Assertions and Exceptions are not the same

What’s wrong with the withdraw_money function in the code below?

# bank.py
from dataclasses import dataclass


@dataclass
class Client:

    balance: float


def withdraw_money(client: Client, amount: float):
    assert client.balance >= amount, f"Insufficient funds: {client.balance}"
    # Withdraw amount from the client's bank account.
    client.balance -= amount
    return client.balance


client = Client(balance=10.0)
new_balance = withdraw_money(client=client, amount=20.0)
print(f"The new balance is {new_balance}")

If you run it with python bank.py you’re given an error message:

$ python bank.py
Traceback (most recent call last):
  File "bank.py", line 20, in <module>
    new_balance = withdraw_money(client=client, amount=20.0)
  File "bank.py", line 14, in withdraw_money
    assert client.balance >= amount, f'Insufficient funds: {client.balance}'
AssertionError: Insufficient funds: 10.0

Which, at first sight, is correct: I am withdrawing 20.0 from a client account with a balance of 10.0, and the code is specifically written to exit if the withdrawal would put the client account into the red. So what’s the problem, then?

What’s an assertion?

Well, assertions are programmer aids that test for system invariants that must never occur in production. That means they are designed to catch and terminate the program if any of the programmer-specified assertions occur. They are often – in computer games and other large applications where performance is key – used in hot parts of the code where they often add a significant performance burden during development in return for exiting the application with additional debug information – something that is often much harder to get at easily in compiled languages – if an assertion error were to occur.

That’s why they’re stripped out of the code by the compiler during a release (or production) build. Now I’m sure you can see where I’m going with this…

A little-known feature of CPython (the official reference version of Python we all know and love) is the -O optimization flag you can pass to the python program on startup. It’s supposed to “optimize” the bytecode generated by Python but it adds little benefit, so most don’t use it, or even know about its existence.
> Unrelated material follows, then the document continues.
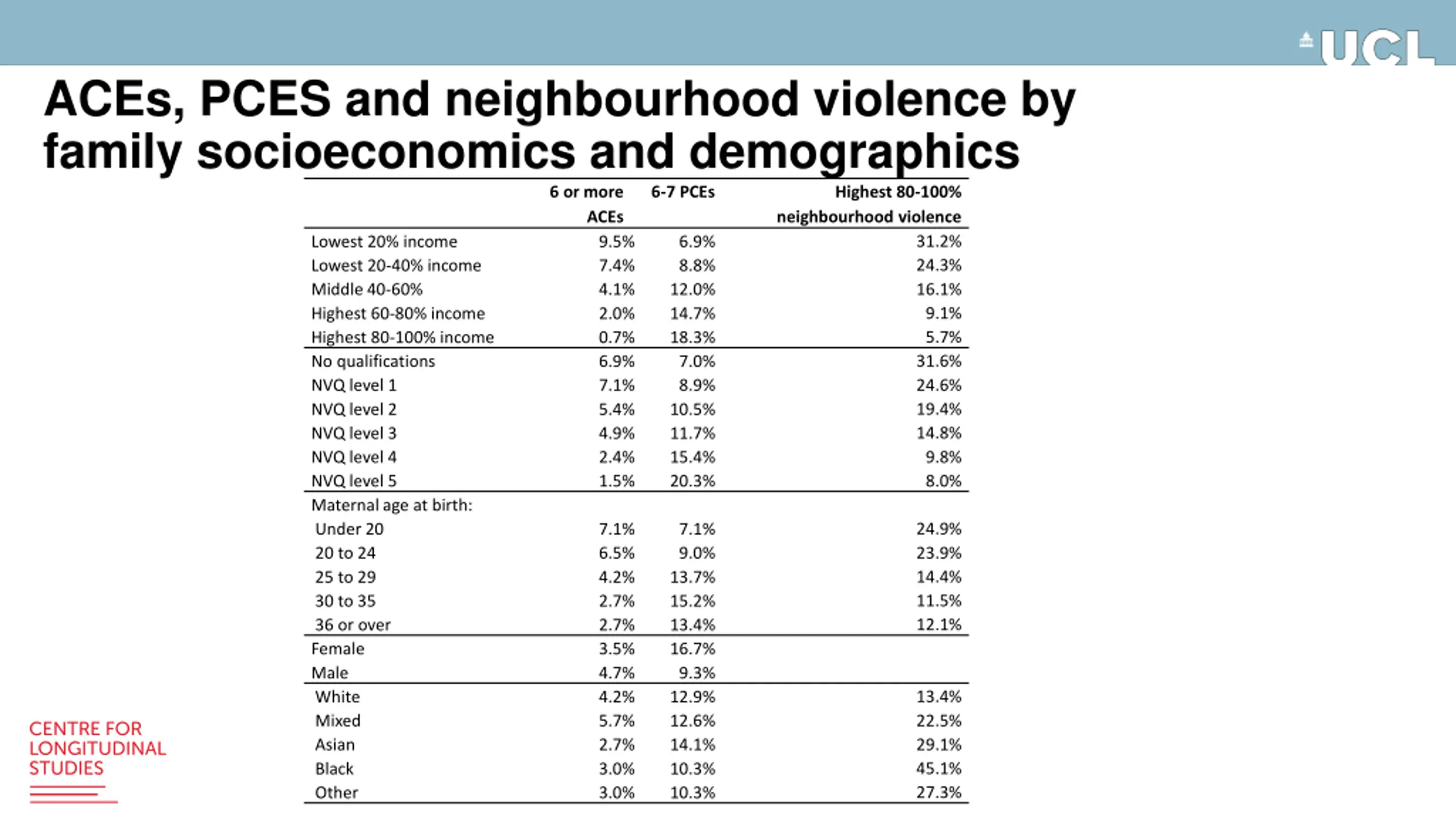 Plans for further research on ACEs and PCES Using the MCS cohort study to examine a broad range of important outcomes in adolescence (age 17) and young adulthood (age 23 data available soon-ish) Mental health Physical health Substance use Education Employment Huge thanks for funding from YEF to develop ACEs and PCEs frameworks in the MCS of immense value to a broader field of social research

So what happens if we rerun the script from before but with optimizations enabled:

$ python -O bank.py
The new balance is -10.0

Oops. The assertion’s elided from the bytecode and our code carried on without a care in the world.

Disassembling the optimized function

Disassembling the optimized withdraw_money function makes it obvious the assert statement is gone:

>>> import dis
>>> dis.dis(withdraw_money)
 18           0 LOAD_FAST                0 (client)
              2 DUP_TOP
              4 LOAD_ATTR                0 (balance)
              6 LOAD_FAST                1 (amount)
              8 INPLACE_SUBTRACT
             10 ROT_TWO
             12 STORE_ATTR               0 (balance)

 19          14 LOAD_FAST                0 (client)
             16 LOAD_ATTR                0 (balance)
             18 RETURN_VALUE

The column on the left indicate line numbers and correspond to the highlighted lines:

1def withdraw_money(client: Client, amount: float):
2    assert client.balance >= amount, f"Insufficient funds: {client.balance}"
3    # Withdraw amount from the client's bank account.
4    client.balance -= amount
5    return client.balance

Try comparing the disassembled output from dis.dis with the unoptimized version.

If you currently do this in your code, the solution is simple: raise an exception explicitly and capture it further up the call tree where you can act on the error directly. Don’t take that to mean that you should never use assertions — on the contrary, they are very useful. But they are programmer aids and not designed for general error handling.

Saying that, it’s easy to see why people get confused because assert itself raises an exception called AssertionError which does little to resolve the confusion between the two modes of control flow.

Summary

Assertions are programmer aids, not error handlers for your business logic

Asserts help programmers (and testers) spot invariants in your code that should never, ever happen once the code is stable and deployed. Use it to catch programming mistakes – ranging from the likely to improbable – liberally.

Assertions can be toggled on or off at will

So never use an assert when another method of capturing and raising an error is possible. Always write your code with the assumption that the assertions could disappear at any minute. And if you’re unsure, you can run your program with python -O or by setting PYTHONOPTIMIZE=1 to test if it still works.

Avoid side effects in assert statements

You should never cause side effects – meaning, something that modifies the state of something else, like creating a user in a database – in an assertion. It will result in serious, unintuitive errors in your code as the side-effected code ceases to exist if your code is run with assertions disabled.